OpenAI-compatible chat completions endpoint with automatic knowledge retrieval and source citations. Any OpenAI client connects without modification.

Request

POST /v1/chat/completions
Authorization: Bearer cc_YOUR_API_KEY
Content-Type: application/json

{
  "model": "claude-sonnet-4-5",
  "messages": [
    {
      "role": "user",
      "content": "What do our deployment runbooks say about rollbacks?"
    }
  ],
  "stream": false
}

Supported fields

CoreCube accepts standard OpenAI chat completions fields; unrecognized fields (top_p, n, tools, multimodal content arrays, role: "tool", and others) are silently ignored. Only temperature and max_tokens are forwarded to the provider.
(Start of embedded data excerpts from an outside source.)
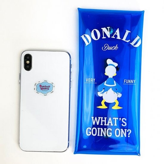 ブルーが爽やかな、ドナルドのデザインも登場です。こちらも後ろ姿♪スマホと比べると、大きさが分かりやすいでしょうか。コスメポーチやペンポーチとしても使えそうですね。
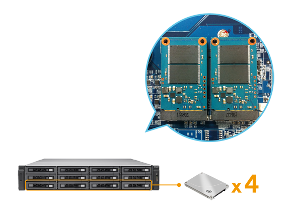 TS-EC1280U R2поддерживает два внутренних порта mSATA, и до 4 накопителей можно использовать для кэширования. Установив флеш-модули mSATA (приобретаются отдельно), можно значительно увеличить количество IOPS, что особенно актуально для приложений, требовательных к производительности системы хранения, таких как базы данных и виртуализация.
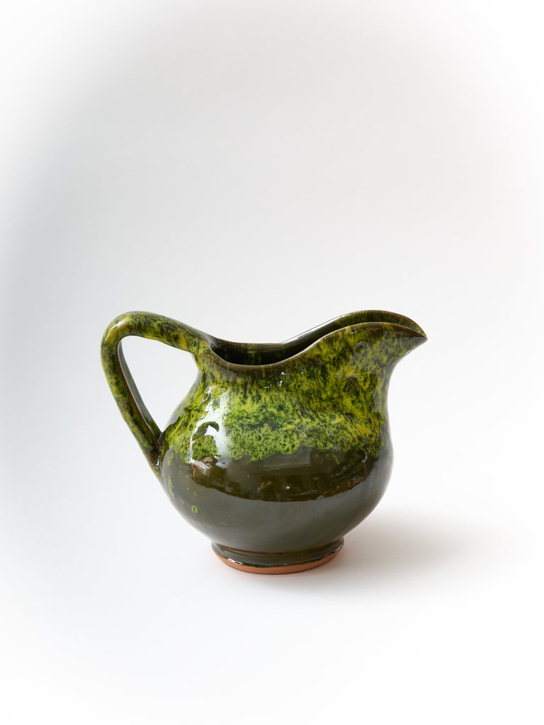 The Moss Terracotta Pitcher captures the serene beauty of the Umbrian landscape. Inspired by the moss-covered forests (*bosco*) that blanket the region’s rolling hills, Antonello Radi developed a distinctive glaze technique on red terracotta to evoke their organic textures and tones. Each plate is handmade and glazed in Italy, resulting in subtle variations that make every piece a one-of-a-kind expression of natural artistry—equally suited to refined or rustic tablescapes.
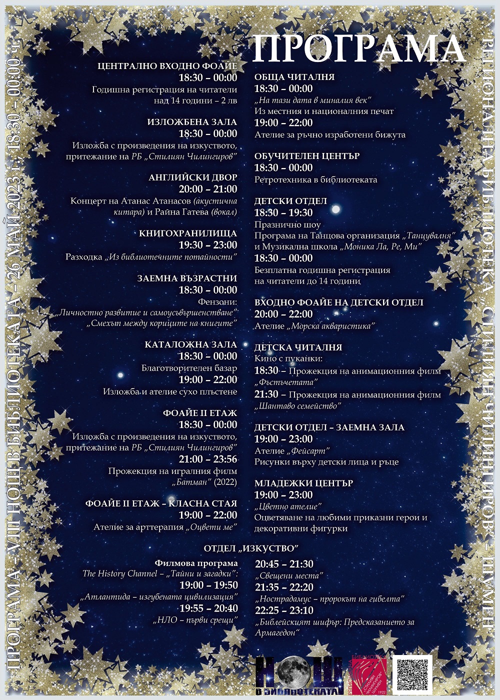 Разнообразни инициативи в различните библиотечни пространства организира Регионалната библиотека „Стилиян Чилингиров“ в Шумен на 26 май от 18.30 до 24.00 часа.
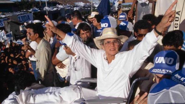 En mayo de 1989 se conformó la Unión Nacional Opositora (ONU), organización política conformada por 14 partidos que pretendía derrocar electoralmente al sandinismo. Violeta Chamorro fue nombrada candidata de la coalición y se enfrentó a Ortega en las elecciones convocadas para febrero del siguiente año. Con un discurso de paz y reconciliación, Chamorro ganó contra todo pronóstico esas elecciones supervigiladas. "Me han votado porque tienen fe en un cambio profundo después de 50 años de somocismo y 10 de sandinismo. Y yo acepto ese voto, consciente de mi responsabilidad", dijo entonces Chamorro en una en EL PAÍS con Miguel Ángel Bastenier. Aquel triunfo quedó registrado en la portada de su diario, La Prensa, con el siguiente titular: "Voto, Violeta, Victoria".

Message content must be a string, and role is limited to system, user, or assistant. The accepted fields:

Field	Type	Default	Description
`model`	string	default provider model	Model name forwarded to the selected provider.
`messages`	array	required	Conversation history in OpenAI format
`stream`	boolean	`false`	Enable Server-Sent Events streaming
`temperature`	number	provider default	Sampling temperature forwarded to the provider
`max_tokens`	number	provider default	Maximum output tokens

CoreCube-specific fields

Field	Type	Default	Description
`cube_extended`	boolean	`false`	Enable extended mode — adds structured `cube` metadata to the response.
`connectionIds`	string[]	omitted	Narrow retrieval to specific connection IDs. Scope enforcement still applies.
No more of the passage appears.